第219章 天窗(三十四)(1/2)
看起來有些丑,他為什麼要留這樣一個髮型?不但掩飾不住他的傷疤,而且看起來並不適合他的臉型,丁燭由衷的覺得奇怪,或許這個男人是個根本就不在意自己形象的鋼鐵直男?
不會吧,他身上的外衣t恤雖然看起來是隨便穿的,可是搭配起來非常的有型,看得出來這是一個非常會穿衣服的男人,如果這麼會搭配的男人,幹嘛要留這樣一個完全不符合自己的髮型?
就如同剛剛剃了不久的光頭又長起了頭髮一樣的。
等一下,或許他的頭髮並不是他願意這樣選擇的呢?或許他的髮型也並不是為了美麗、不是為了遮蓋傷疤,而是別的原因呢?
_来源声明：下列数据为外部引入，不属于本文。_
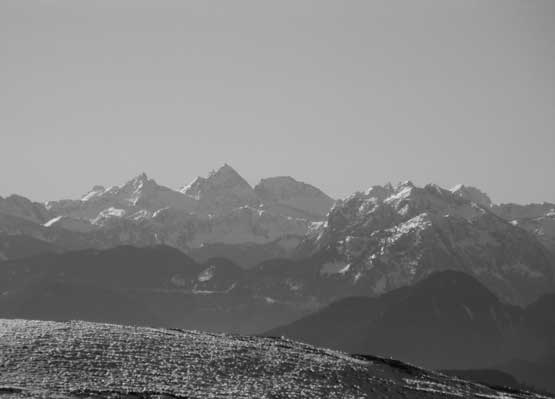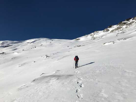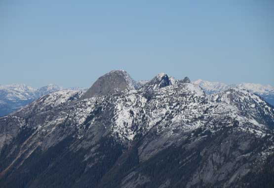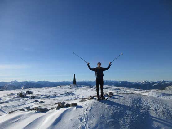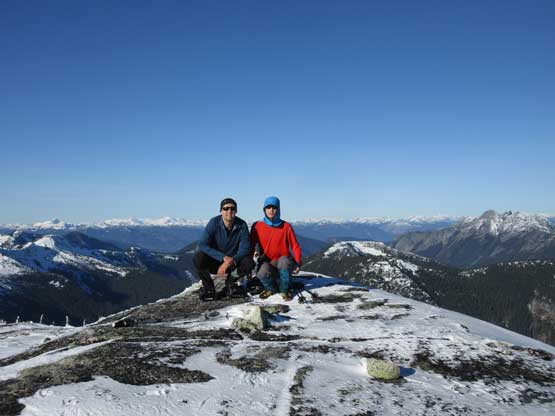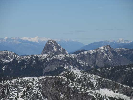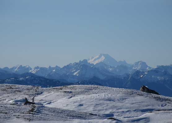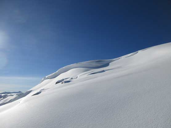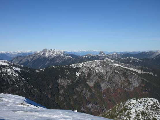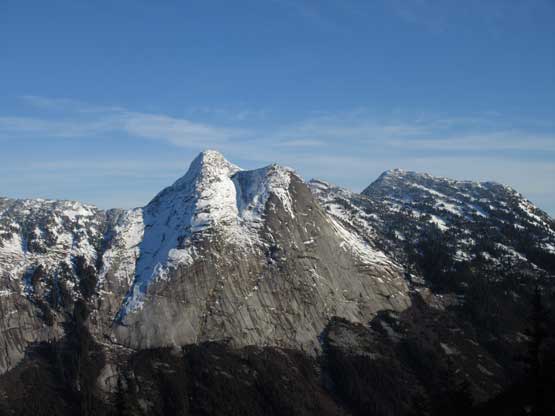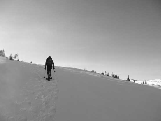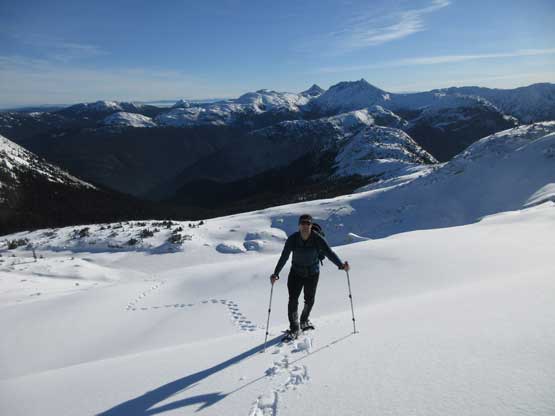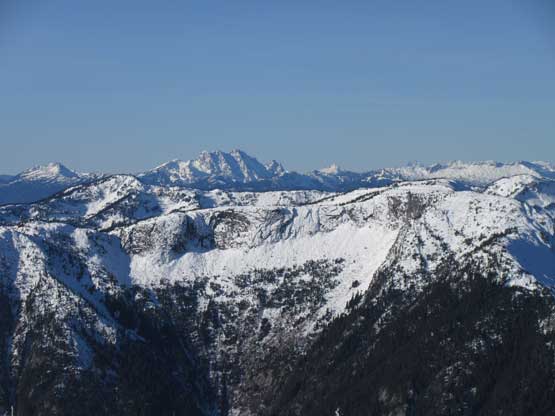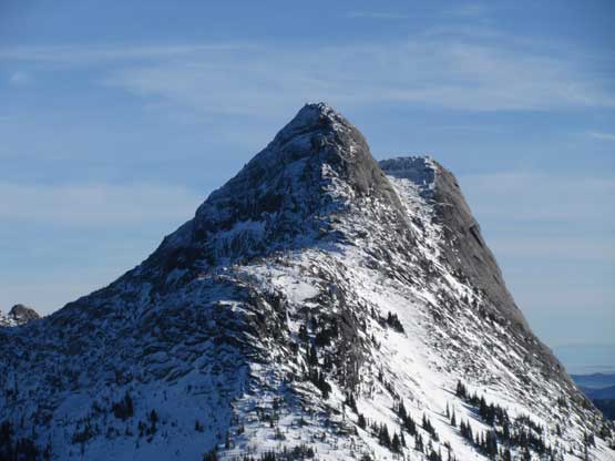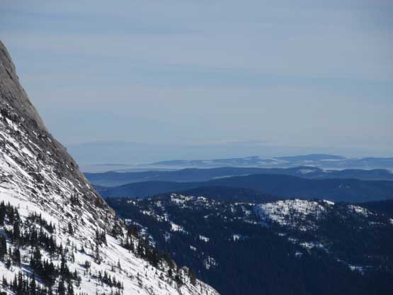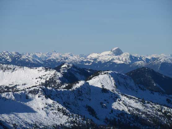 From the Needle/Flatiron saddle we followed the connecting ridge up the NE Ridge of The Flatiron until underneath an imposing rock buttress. The vertical step would require technical mixed climbing so we traversed leftward into a broad cirque above a small, frozen tarn. From there it’s just a matter of putting one foot in front of another snowshoeing straight up to the flat summit with a green missile tower.. The crust was very supportive on this aspect making some fast travel. We explored the summit dome for a while in order to soak in all views.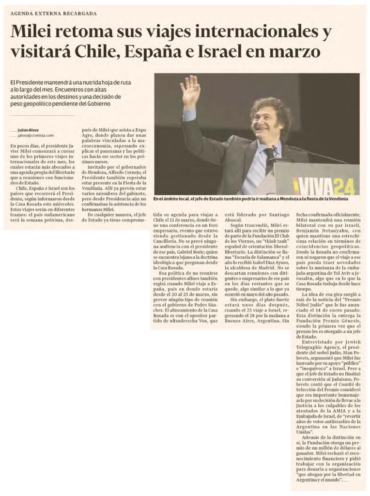 De cualquier manera, el jefe de Estado ya tiene comprometida su agenda para viajar a Chile el 11 de marzo, donde tiene una conferencia en un foro empresario, evento que estuvo siendo gestionado desde la Cancillería. No se prevé ninguna audiencia con el presidente de ese país, Gabriel Boric; quien se encuentra lejano a la doctrina ideológica que pregonan desde la Casa Rosada.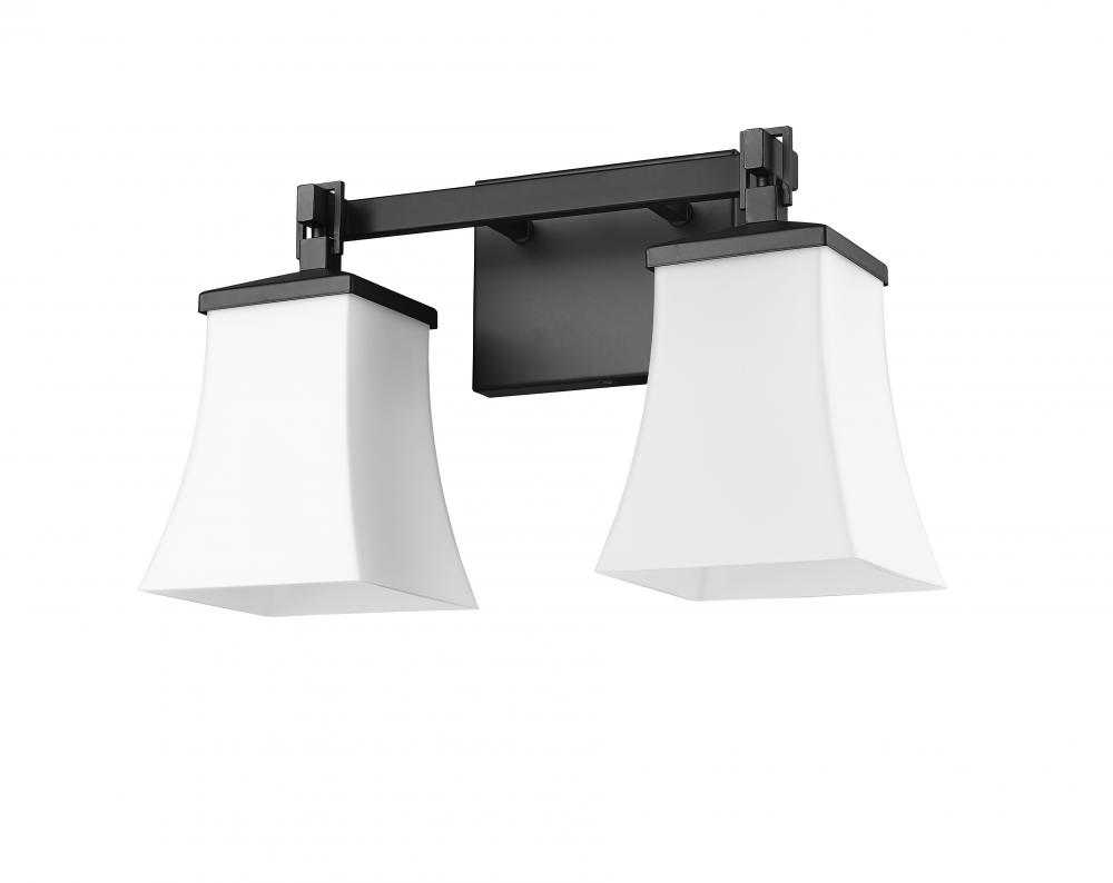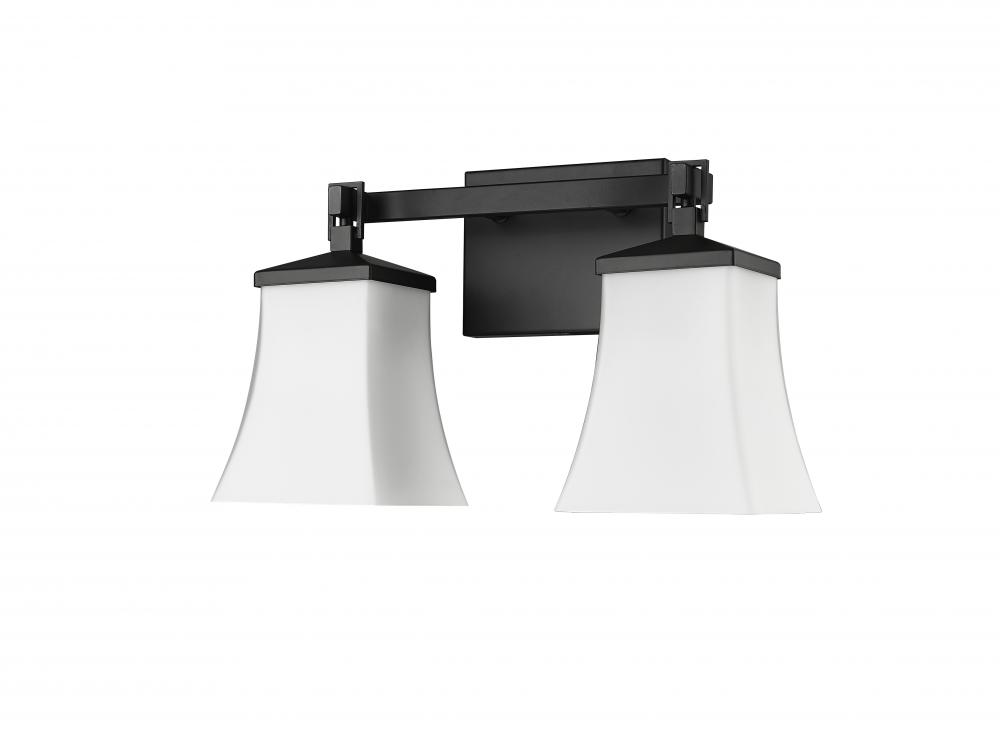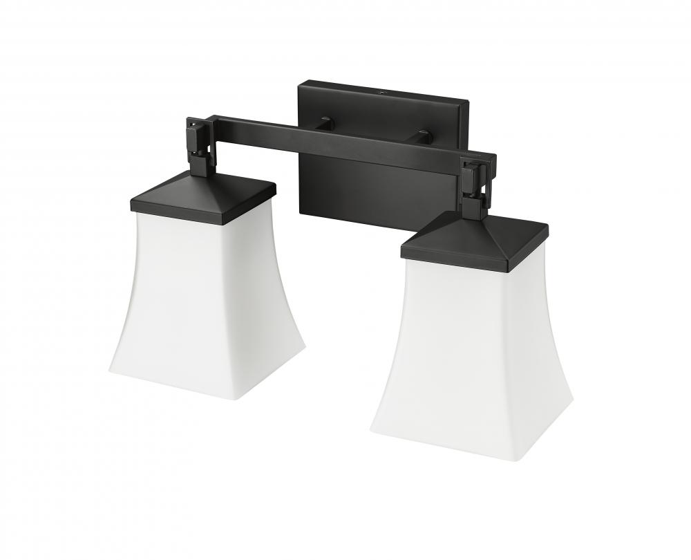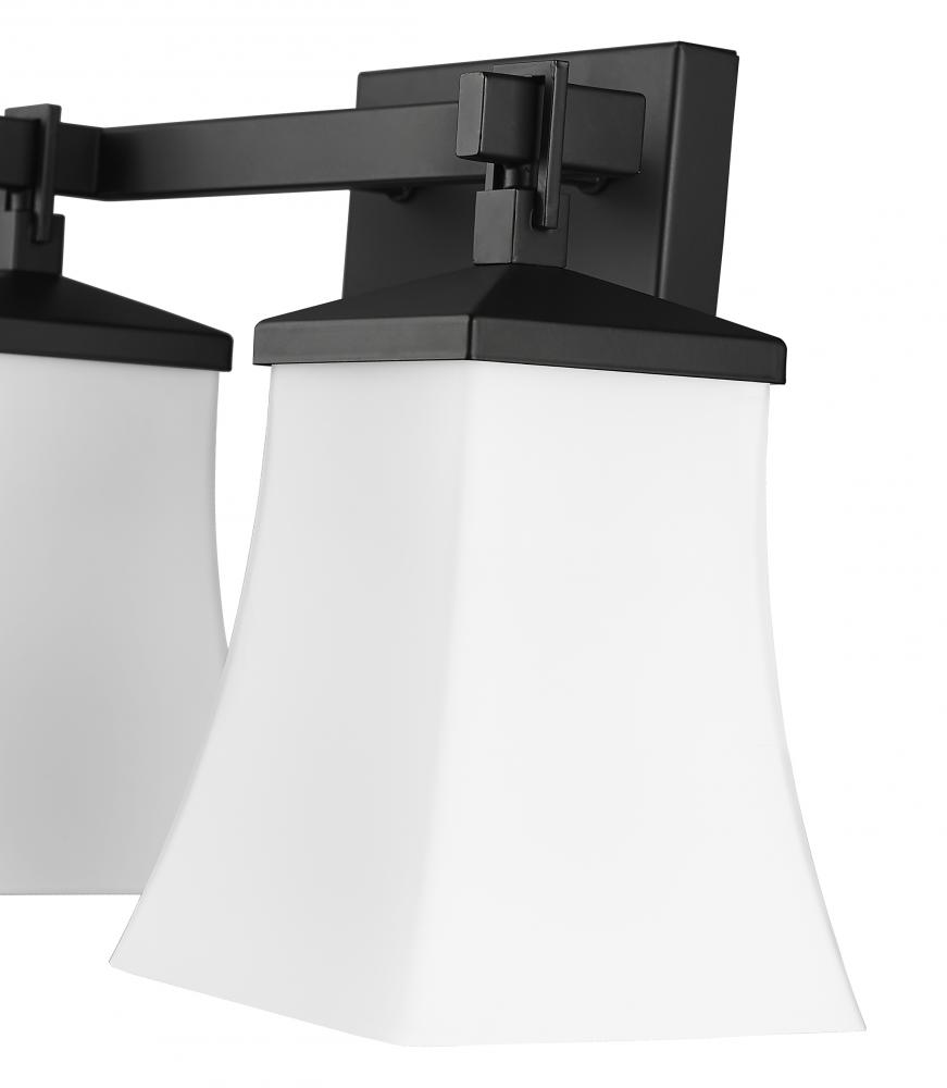 The Sonorra Family of vanity lighting combines modern styling with classic Arts and Crafts movement design details. Perfect for interiors from Asian inspired to ultra-modern, the square, white frosted glass globes are enhanced by stylish hooks and clean, angular lines of the fixture. These 1-light, 2-light, and 3-light vanity lamps are in matte black.

再加上傷疤是嶄新的,就仿佛剛剛才癒合一樣的嶄新,丁燭甚至能在這條傷疤的兩邊看到交錯的幾個小點,就像是縫合的線留下的小小傷口一樣。
這一切的一切似乎都說明了另外一個事實。
其實,這個男人的頭受傷了?而他的頭髮是因為要做手術而剃掉的?
當這個念頭衝進了丁燭的腦海里,她就發現這個答案是最適合這一切解釋的答案,因為無論她怎么正推反推,只有這個答案是最符合邏輯和所有解釋的。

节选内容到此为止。